*Directions for this task*. Without any pictures, print the lines below from the one that has "La caratteristica più" through the one that has "black cotton inverted", exactly and nothing else.

*Data section*.

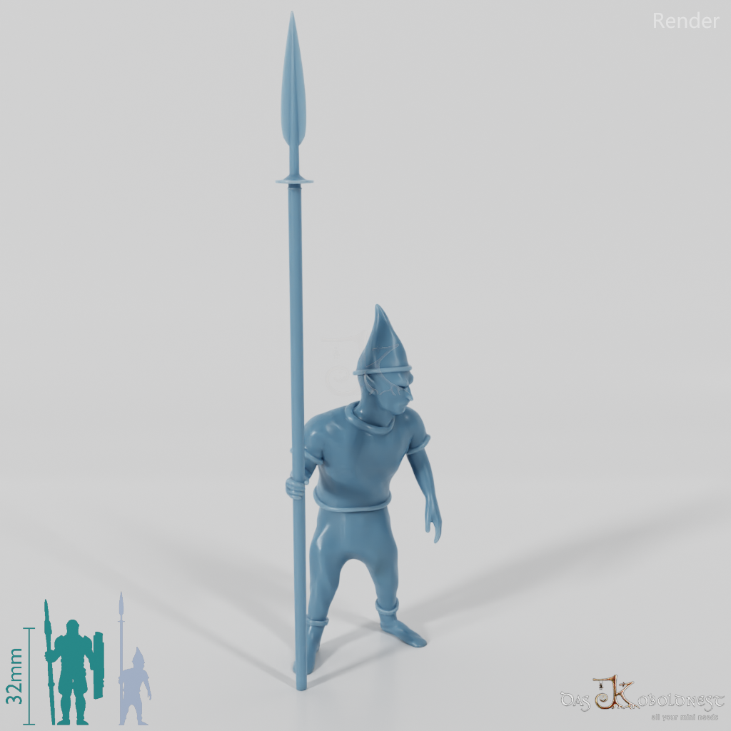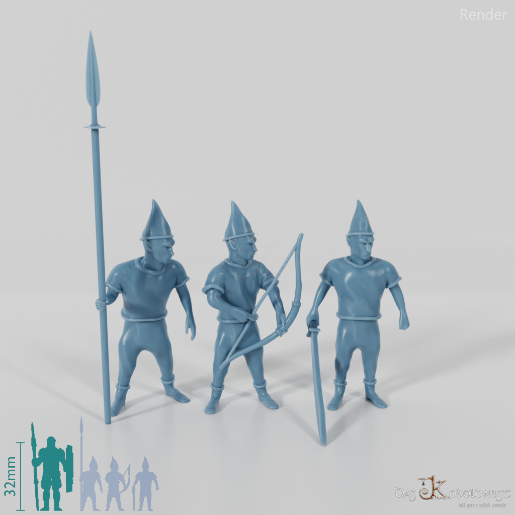 Drei Weihnachtselfen mit spitzen Mützen und grimmigen Gesichtern, von denen einer einen langen Speer, einer einen Bogen und einer ein Schwert hält Model: Evil Santa's Elves by YourNeighborKnight, released under CC BY 4.0
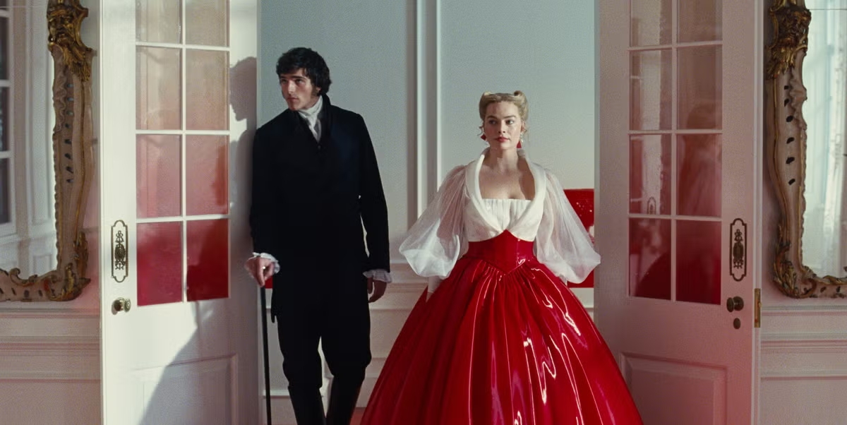 La caratteristica più evidente e memorabile del nuovo Cime Tempestose di Emerald Fennell è, indubbiamente, il suo lusso estetico. Questa ricchezza inventiva negli ambienti e nei costumi, sottolineata nella pubblicità del film già prima dell’uscita, non è però secondaria ma il punto politico del film. L’intento dichiarato delle particolari scenografie di Suzie Davies (di cui infatti è stata realizzata una set visit per Architectural Digest), più che di fare una versione storicamente accurata dell’opera di Emily Brontë (per quanto possa esserlo un adattamento di un romanzo di finzione), è proprio quello di dare un’impronta fortemente autoriale alla storia. Dall’uso del linoleum rosso per i pavimenti di casa Linton alla stilizzata decadenza gotica della residenza di Heathcliff, passando per l’eccentrico modernismo dei costumi indossati da Margot Robbie, l’impresa estetica in Cime Tempestose ha la funzione primaria di mettere lo spettatore, al pari dei personaggi, nella posizione dell’osservatore desiderante: quello che guarda qualcosa che trova desiderabile e vorrebbe possedere (che è la premessa di tutte le nascenti core aesthetics).
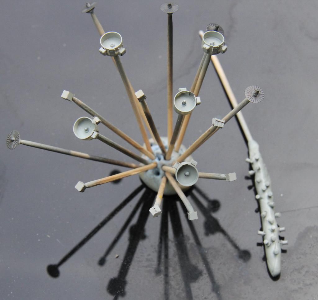 There are five gun tubs on the quarterdeck, the resin tubs have been adorned with etched boxes and door.
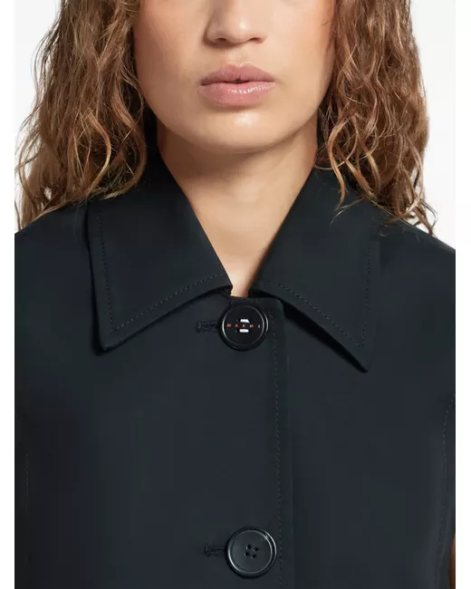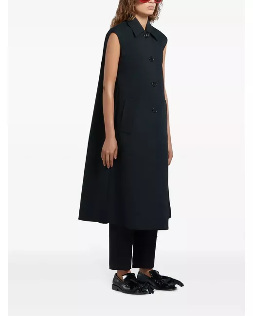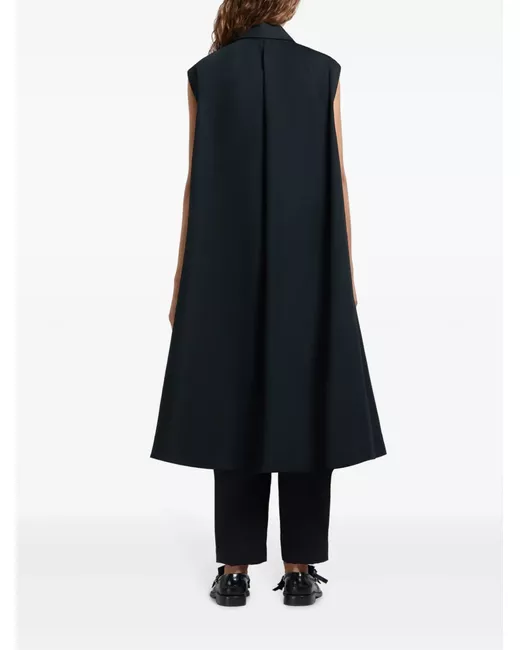 black cotton inverted pleat classic collar double-breasted button fastening sleeveless two front welt pockets mid-length
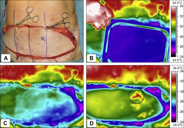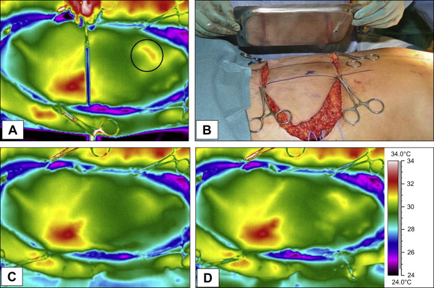 One of the disadvantages of perforator flap surgery is the complex dissection of perforators. A meticulous microsurgical technique is required to avoid inadvertent damage to the perforator. In 2006, we reported on the intraoperative use of DIRT in free DIEP flap surgery. After the selected perforator is dissected and with the flap still at the lower abdomen, DIRT can be used to confirm patency of the perforator. Normally a hot spot will be seen on the IR images that correlates with the location of the entrance point of the perforator into the flap. The quality of the perforator can be assessed by analyzing the rate and pattern of rewarming after the skin area above the perforator is exposed to a conductive thermal challenge. A metal plate at room temperature is gently applied to the skin surface for 30 seconds ( Figs. 9 and 10 ).

*Answer to this exercise*.
 La caratteristica più evidente e memorabile del nuovo Cime Tempestose di Emerald Fennell è, indubbiamente, il suo lusso estetico. Questa ricchezza inventiva negli ambienti e nei costumi, sottolineata nella pubblicità del film già prima dell’uscita, non è però secondaria ma il punto politico del film. L’intento dichiarato delle particolari scenografie di Suzie Davies (di cui infatti è stata realizzata una set visit per Architectural Digest), più che di fare una versione storicamente accurata dell’opera di Emily Brontë (per quanto possa esserlo un adattamento di un romanzo di finzione), è proprio quello di dare un’impronta fortemente autoriale alla storia. Dall’uso del linoleum rosso per i pavimenti di casa Linton alla stilizzata decadenza gotica della residenza di Heathcliff, passando per l’eccentrico modernismo dei costumi indossati da Margot Robbie, l’impresa estetica in Cime Tempestose ha la funzione primaria di mettere lo spettatore, al pari dei personaggi, nella posizione dell’osservatore desiderante: quello che guarda qualcosa che trova desiderabile e vorrebbe possedere (che è la premessa di tutte le nascenti core aesthetics).
 There are five gun tubs on the quarterdeck, the resin tubs have been adorned with etched boxes and door.
 black cotton inverted pleat classic collar double-breasted button fastening sleeveless two front welt pockets mid-length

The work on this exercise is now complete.